Walnut Carrot Cake Pancakes
DESCRIPTION
These nutty, lightly sweet pancakes have the flavor of carrot cake. Top with maple syrup for a sweeter pancake.
Total Time
Prep Time
15 Mins
Cook Time
20 Mins
Total Time
35 Mins
Nutrition
Calories
250
Total Fat
16
Saturated Fat
2
Polyunsaturated Fat
9.224
Monounsaturated Fat
2.436
Cholesterol
0
Sodium
380
Carbohydrates
22
Dietary Fiber
3
Total Sugars
2
Protein
8
Vitamin D
0
Calcium
190
Iron
2
Potassium
270
Ingredients
- 1 cup oat flour
- 2 1/2 teaspoons baking powder
- 1 teaspoon cinnamon
- 1/4 teaspoon salt
- 3/4 cup unsweetened walnut or other plant-based milk
- 1/2 cup vanilla Greek yogurt
- 1 teaspoon softened coconut oil
- 1 teaspoon vanilla extract
- 3/4 cup chopped California walnuts
- 3/4 cup grated carrots (about 3 medium, peeled carrots)
- Cooking spray
- Chopped walnuts, grated carrots and maple syrup (optional toppings)
Preparation
- Stir together flour, baking powder, cinnamon and salt in a medium bowl.

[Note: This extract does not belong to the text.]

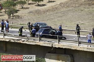 SICULIANA. Gravissimo incidente stradale, poco dopo le 14,40 verificatosi lungo la strada statale 115, sul viadotto Canne, nel tratto compreso tra Siculiana e Montallegro.

- Stir together milk, yogurt, coconut oil and extract in a large bowl until well mixed. Add dry ingredients and mix well, then lightly stir in walnuts and carrots.
- Heat a large skillet over medium-low heat and coat with cooking spray. Spoon about 1/4 cup batter into skillet for each pancake. Cook for 2 minutes or until the surface is starting to bubble; carefully flip and cook for a minute on the other side or until pancakes are cooked through.
- Serve immediately with any desired toppings. Leftovers may be stored in a covered container in the refrigerator for up to 3 days.